- Kustow performing in the late 1970s
- Born: 10 May 1955 Hammersmith, London, England
- Died: 11 March 2019 (aged 63) Bath, Somerset, England
- Citizenship: British
- Occupation: Musician
- Years active: 1976–1992; 2017;

= Danny Kustow =

English rock guitarist (1955–2019)

Alexander Daniel Kustow (10 May 1955 – 11 March 2019) was an English rock guitarist, known for his dynamic performance style and work with the Tom Robinson Band in the 1970s and 1980s.

==Early life==
Kustow was born at Queen Charlotte's and Chelsea Hospital in Hammersmith, London, England, on 10 May 1955, the son of Ann Kustow (née Justus) and Dr. Bernard Kustow, a physician in General Practice in the National Health Service, who had served with the British Army's Royal Army Medical Corps during World War II. He spent his childhood in Willesden, North London. After being expelled from King Alfred School in Golders Green in 1968 at the age of 13, he was sent at the age of 14 to an idiosyncratic residential educational establishment for "maladjusted" youths called Finchden Manor, in Kent, where, inspired by Jimi Hendrix he began playing the guitar and met Tom Robinson.

==Career==
After learning to play the guitar in the early 1970s, influenced by the work of the British blues guitarists Alexis Korner and Paul Kossoff (both fellow alumni with Kustow of King Alfred School), Kustow commenced his professional career at the age of 21 in late 1976 amidst London's Punk rock scene as the guitarist of the Tom Robinson Band. Despite the band's politically radical agenda, reflected in its song-writing and activities under the influence of Robinson, Kustow's primary personal musical ambition was to be a successful rock star.

After an initial No. 5 hit in the charts with the single release "2-4-6-8 Motorway" in October 1977, the band recorded its debut long-player Power in the Darkness (1978), which on release went to No. 4 in the UK Albums Chart. On release its second long-player, entitled TRB Two (1979), reached No. 18 in the UK Albums Chart, but a declining impact of its songs in the UK Singles Chart, and an inability to creatively develop beyond the style of its opening phase led to the band breaking up in October 1979, leaving Kustow professionally cut adrift and in search of a commercially successful new act to team up with, which he failed to find.

In the early 1980s, Kustow (lead vocals, guitar) formed the trio rock band SF-GO, together with Chris Constantinou (bass, vocals), and Bogdan Wiczling (drums). The project emerged following Kustow’s tenure with Tom Robinson Band and Constantinou and Wiczling’s work with Adam Ant. The band was co-managed by Miles Copeland and Simon Astaire and recorded a series of original songs collaboratively written by all three members, while also performing live on tour. Despite recording and touring, SF-GO’s activities were curtailed due to Kustow’s personal challenges, and the band disbanded before releasing its material publicly.
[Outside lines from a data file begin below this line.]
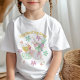 Adorable egg hunting crew T-shirt with hand painted bunny, chick, flowers, decorated eggs and carrots in pastel spring colors and patterns. Text can be easily edited or removed. Original art by Leslie Larson.
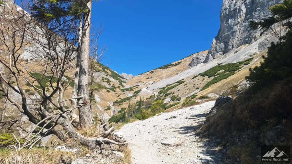 Wichtig ist hier die richte Seite zu wählen, rechts des Baches beginnt der Steig, auch wenn es links viel verlockender aussehen würde. Durch die Unwetter in den letzten Jahren ist der Weg im unteren Bereich sehr in Mitleidenschaft gezogen worden, eine Begehung ist aber mit einigen Hindernissen möglich.
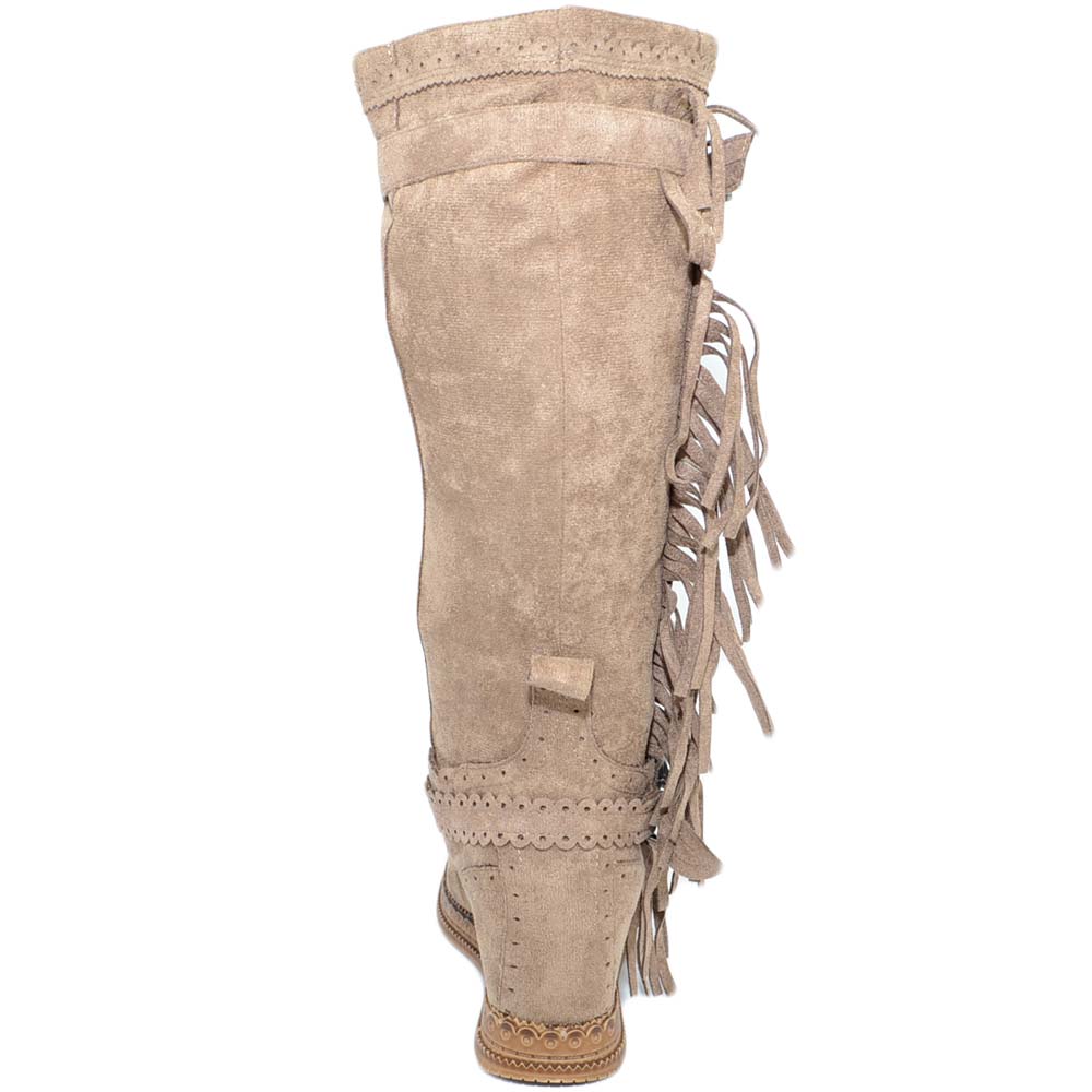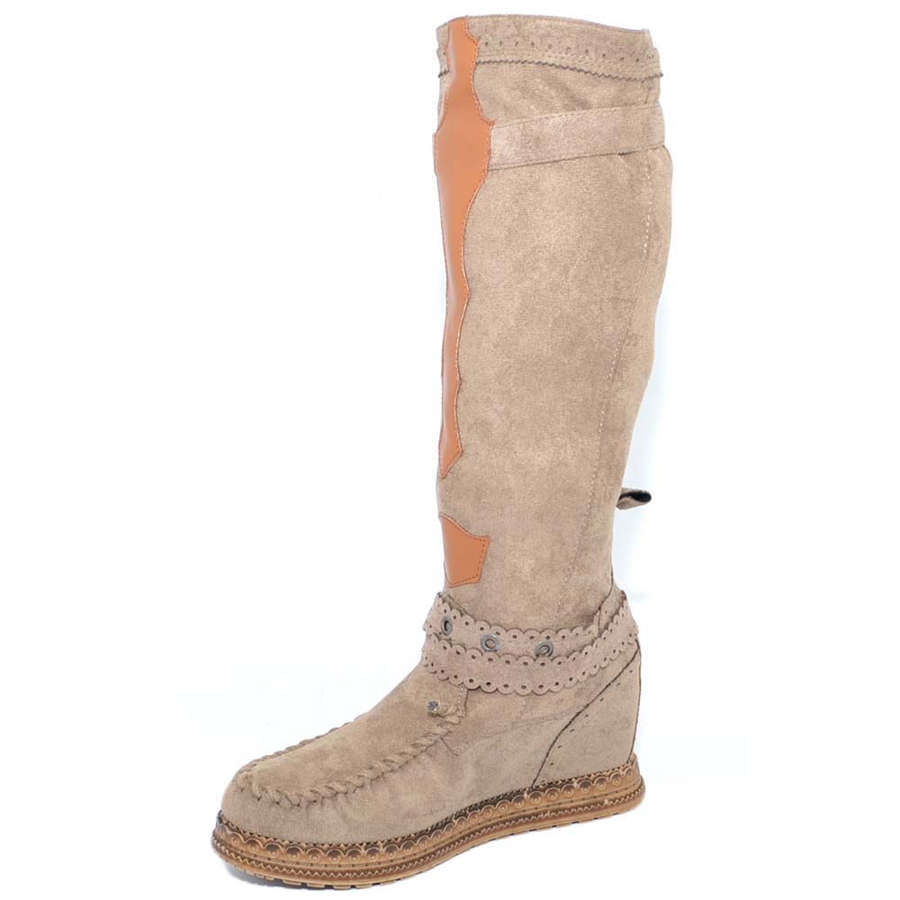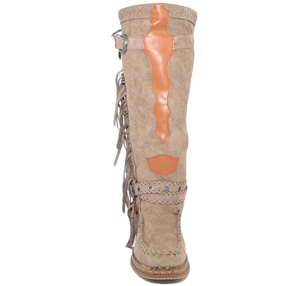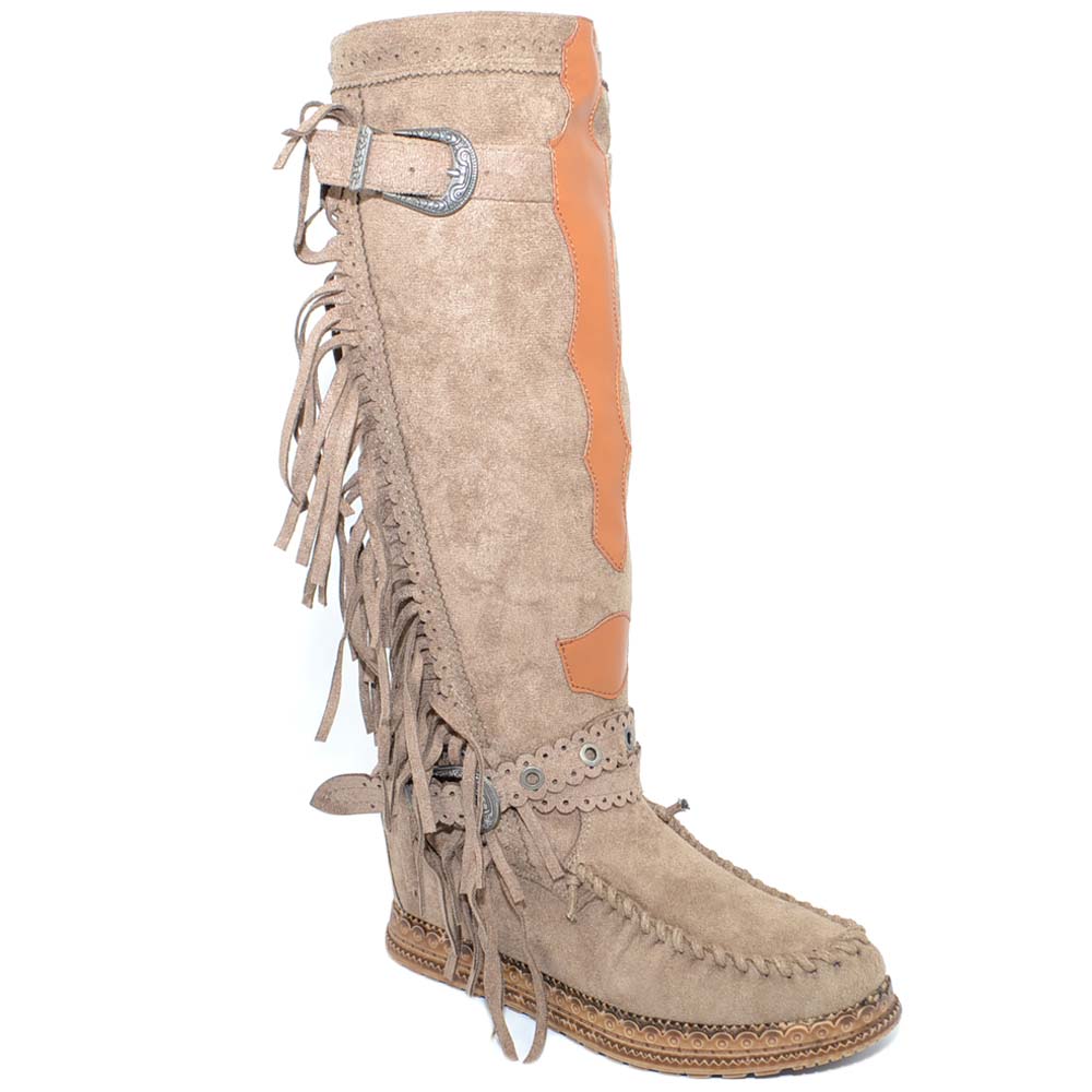 Stivali donna indianini taupe scamosciati con frange zeppa interna 5 cm cinturino fibbia altezza ginocchio moda

In mid-1980 he tried out for the lead guitar vacancy with Gen X, recording on that band's long-player release Kiss Me Deadly (1981), but the role went to someone else. At the beginning of the 1980s he played with two short-lived acts, The Spectres, and The Planets.

In the mid-1980s he worked with Tom Robinson again on songs such as "War Baby", which on release went to No. 6 in the UK Singles Chart, and he also performed with the band Time UK. In the late 1980s, Kustow performed live with a temporarily reformed Tom Robinson Band, and played on its long-player release Winter of '89 (1992), after which he retired from professional music.

In October 2017, he came out of retirement briefly to perform the song "2-4-6-8 Motorway" during a Tom Robinson gig at London's 100 Club.

==Death==
In his later years Kustow lived in the Somerset village of Bathford. He died of pneumonia following a liver infection at the age of 63 in the early hours of 11 March 2019 at the Royal United Hospital in Bath. His body was buried at the Old Jewish Cemetery, in Bushey, Hertfordshire, on 15 March 2019.

A memorial gig for Kustow was performed by the Tom Robinson Band and TV Smith at the Scala venue in London on the night of 29 July 2019, with profits raised from the event being donated to the Royal United Hospital, Bath.

==Equipment==
Gibson Les Paul Standard Sunburst (1959 model), Marshall amplifier head (1975 model), Marshall 4x12 speaker cabinet.